By Robin Givhan
Friday, May 12, 2006
The departure of rocker Chris Daughtry from "American Idol" means that the squishy middle has won once again. Daughtry was voted off the show this week, leaving behind three uninspired performers who may appeal to the masses but lack any distinctive personal style.
After weeks of patiently watching, obsessing and praying for Elliott Yamin, Katharine McPhee and Taylor Hicks to reveal some sense of personal aesthetics, there has been nothing but disappointment. McPhee lacks zest and stage presence and the capacity to distinguish style from an assemblage of unedited trends. Yamin and Hicks lack Daughtry's supremely fine bald head and ability to wear a thick, macho wallet chain and not look as though he should be bicycling across K Street making a super-rush delivery.
Daughtry glared. He glowered. He did the rock-star growl during which he looked to be at risk of popping his jugular. He wore cool shades. Oh sure, he was cocky. But he should have been. He was the best. America, have you no soul?
Yamin seems like a nice guy. He has a nice voice and he wears a lot of tasteful blazers, which should serve him well should he ever find himself sitting in the human resources office of an insurance agency. McPhee seems like a pleasant girl. She has a pleasant voice. She's a brunette beauty with long legs and nice cleavage -- that she has amiably displayed -- which should all serve her well . . . no matter what. Last month, when Hicks wore that ice-blue Costume National suit, it seemed he had style possibilities. He refused to dye his gray hair and he has an interesting gravelly voice. But then he wore a paisley shirt, sang Wild Cherry's "Play That Funky Music" and writhed on the floor like a Joe Cocker impersonator. He wore paisley, people. He cannot win and he will be discussed no further.
In Daughtry, America had the opportunity to choose distinctiveness, confidence and cool. Instead, it chose bland and boring. Blech and blech.
All one can do now is savor the memories of Daughtry. There was the week that he embraced the cleaned-up-rocker look with his black trousers and matching vest. He wore one of those short-sleeve shirts with the cuffs that cut tightly across the biceps. Their sole purpose is to make a man's upper arms look Paul Bunyan big, as though he has spent his entire adult life chopping wood, hunting and gathering just for you. That was a very good week for Mr. Daughtry and his fans.
He sometimes wore a blazer, usually when he was planning to stand calmly behind the microphone -- rather than prowl the stage -- while yelling his lungs out. Typically Daughtry wore those blazers with a pair of jeans that were loose, but not baggy. He wore expertly faded T-shirts and macho silver jewelry. And he always looked like the same guy from one week to the next. He looked as though he had been groomed, but not dressed.
Daughtry had a cocksure style that might have irritated some voters. But he was the only contestant who seemed to understand that a pop idol needs an indelible image, swagger and self-confidence. While successful pop singers often have imperfect voices, they have something else that makes up the difference: a look, a sensibility, a point of view. They know who they are and they know how to communicate that in songs and through their stage images.
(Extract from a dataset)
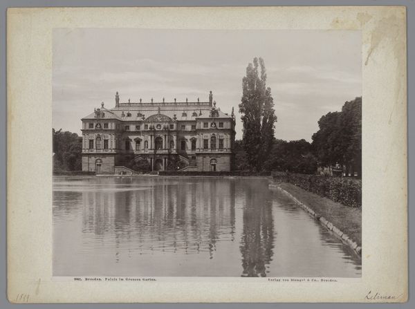 Curator: This albumen print, likely created between 1875 and 1900, offers a glimpse of Kasteel Biljoen in Velp through the lens of Johannes Gerardus Kramer. It's titled "Gezicht op Kasteel Biljoen te Velp." Editor: It strikes me as a photograph steeped in quietude, almost melancholic. The muted tones lend a sense of timelessness, while the castle’s reflection shimmering in the water doubles the architectural weight. Curator: Indeed. The photographic process of the time, coupled with Kramer's composition, positions the castle as a stately landmark within a rapidly industrializing Netherlands. These images played a role in solidifying a sense of national identity through the preservation of such historic locations. Editor: Do you think this idealized vision, deliberately framing the castle apart from broader societal issues, papers over socio-economic inequalities? Focusing on such grandeur might obscure the lives of those working on and around the estate, who, surely, were affected by industrial progress too. Curator: It’s a fair point. Landscapes like this can sanitize reality. However, we can still explore its significance. Photography became increasingly accessible, shifting documentation and allowing diverse hands in visual narratives. Think about the growing middle class being able to picture what aristocracy looked like. Editor: Access is key! Even with its aesthetic distance, one can acknowledge that photography democratized how we understand our place within class, race, and gender hierarchies. Its mass production allows it to engage people in discussions about how the story of “progress” often conveniently leaves people behind. It would be fruitful to examine how people of that time used or consumed pictures such as these to better assess their true implications in society. Curator: Absolutely. Thinking about context adds significant nuance. This image can offer both the aesthetic preservation of place and also, prompt critical investigations. Editor: Precisely! It invites us to examine representation itself and the inherent power structures embedded within. Perhaps we ought to consider not just what's pictured but what deliberately remains unseen.

It may be that Daughtry was done in by the system. To attract voters, the contestants must be desperately humble. Aw shucks, pick me! Love me! They must display a freeze-frame grin for the camera and then flail their fingers around like they're practicing Chisanbop to remind viewers of which number to call to cast their vote. Winning "American Idol" requires the perfect balance of mediocrity and humility. The better the voice, the style, the package, the more self-effacing the performer must be. Whoever heard of a humble rocker? Daughtry was doomed.
Now that he's gone, there is a choice of nice Elliott, pleasant Katharine and the paisley karaoke king who shall not be named. As so often is the case, the quality of the candidates makes it hard to go to the polls.